Wie hoch ist dein KH und PH denn im Moment?


----------



## Scully (31. Mai 2017)

Das nehme ich als Kompliment

Füttern tue ich gar nicht.
Der Rindenmulch kann nicht runter der ist durch die Steine befestigt habe ich schon diverse Male beim Regen beobachtet, auch bei Starkregen.

Blätter und Co Fische ich sofort ab und den Rest holt der Skimmer, den ich auch täglich reinige.

Nitrit und Nitrat sind laut tröpchentest Test bei 0

Die Gesamthärte ist bei 7 und die Karbonathärte ist bei 5, PH ist dauerhaft bei 8


----------



## Teich4You (31. Mai 2017)

Scully schrieb:


> Der Rindenmulch kann nicht runter der ist durch die Steine befestigt habe ich schon diverse Male beim Regen beobachtet, auch bei Starkregen.


Ich meine ja auch nur den Regen, der durch den Mulch sickern könnte, dabei Nährstoffe aufnimmt und dann in den Teich gelangt.


----------



## Scully (31. Mai 2017)

Okay das könnte sein aber eigentlich sickert das sehr gut weg weil überall Drainage unter ist.

Aber wie gesagt eigentlich...


----------



## Teich4You (31. Mai 2017)

Mikronährstoffe werden auch durch den Wind eingetragen. Blütenpollen und anderes wird auch zu Futter für die Algen, die übrigens sehr anspruchslos sind. Sie benötigen wirklich nicht viel um sich auszubreiten. Größere Wasserwechsel, oder eine stärkere UVC könnten das Algen-Problem ebenso beheben. 

Aber ich würde erst mal noch ein paar Wochen warten. Vielleicht ist es auch nur vorübergehend. Bevor man anfängt unnötige Maßnahmen zu ergreifen, ist Geduld bei Teichen auch eine Maßnahme.


----------



## Scully (31. Mai 2017)

Okay danke erstmal

Ich will noch ein zwei Wochen abwarten und dann eventuell noch einen Wasserwechsel machen

Danke erstmal


----------



## Teichfreund77 (31. Mai 2017)

Bitte nur immer einen Teil des Wasser wechseln, sonst hast du wieder die mehr Algen.


----------



## Scully (2. Juni 2017)

Was haltet ihr eigentlich von den söll filtern?


----------



## Teichfreund77 (2. Juni 2017)

Habe bis jetzt nur Erfahrung mit Oase Filtern gemacht und bin sehr zufrieden.
Mein Nachbar hat 1 Oase  Screematic 140000 und der macht den Riesen Koiteich glasklar.
Mein alter Oase Biotec 16000 arbeitet nun an einem 5500l Becken mit ca 15 Fischen von Goldis bis zu Rotfedern und dort ist das Wasser auch super.

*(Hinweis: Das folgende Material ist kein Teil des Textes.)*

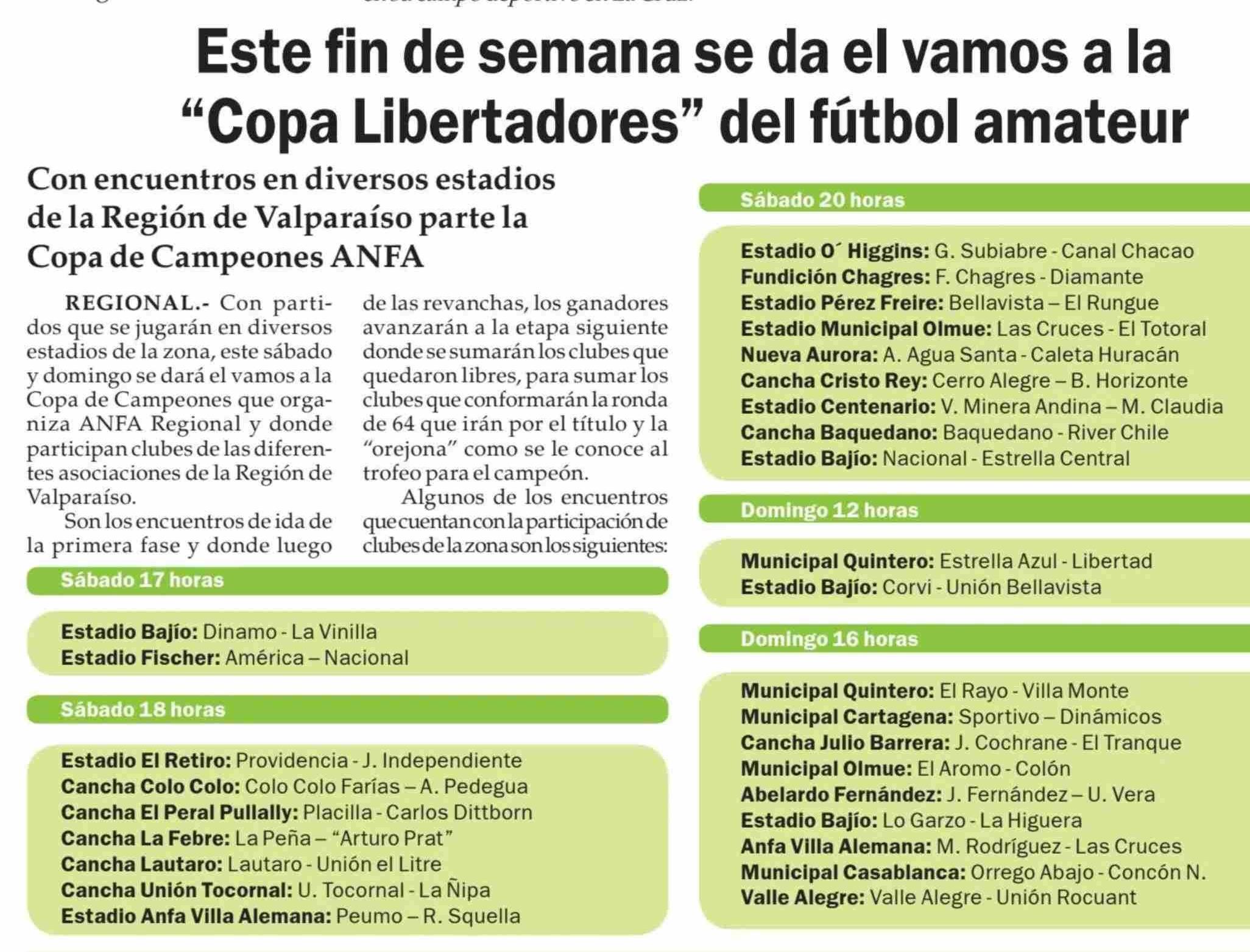 | Título: | Este fin de semana se da el vamos a la "Copa Libertadores" del fútbol amateur |

Den Riesen unterschied bei den fast baugleichen Filtern wird es wohl nicht geben.


----------



## Scully (2. Juni 2017)

Der biotec 10.1 ist ja baugleich mit dem 16000. Aber ich habe hier ja ca14000 l ich habe das Gefühl das der evtl überlastet ist obwohl er die letzten beiden jahre das Wasser auch einigermaßen klar bekommen hat glasklar war es nie so wirklich...


----------



## Lumita (2. Juni 2017)

Ich hatte früher den Titan 50 mit 36 Uvc und 8500 Pumpe. War damit sehr zufireden, das Wasser was Glasklar und die Wasserwerte haben stets gepasst bei 16000 m3 was ja in etwa  Größe ist. Für Kois sind 15.000 l angegeben, aber dann musste auch im Hochsommer alle 2-3 Wochen den Filter reinigen. Ich würde den Teichfilter, weil ich jetzt einen großen Patronenfilter habe verkaufen. Der Filter ist 1 1/2 Jahre alt. Filtermedien + UVC max 2 Wochen gelaufen, also neu. Zudem habe ich am Ablauf Kugelhähne angebracht. Liebe Grüße


----------



## Lumita (2. Juni 2017)

Sorry, ich schreib via Handy... Bitte Rechtschreibfehler übersehen


----------



## dizzzi (2. Juni 2017)

Teichfreund77 schrieb:


> Mein Nachbar hat 1 Oase  Screematic 140000 und der macht den Riesen Koiteich glasklar.


Hallo Teichfreund,

wieviel Liter sind denn im Riesen-Koiteich drin? Und wieviele Kois, in welcher Größe baden denn im Teich?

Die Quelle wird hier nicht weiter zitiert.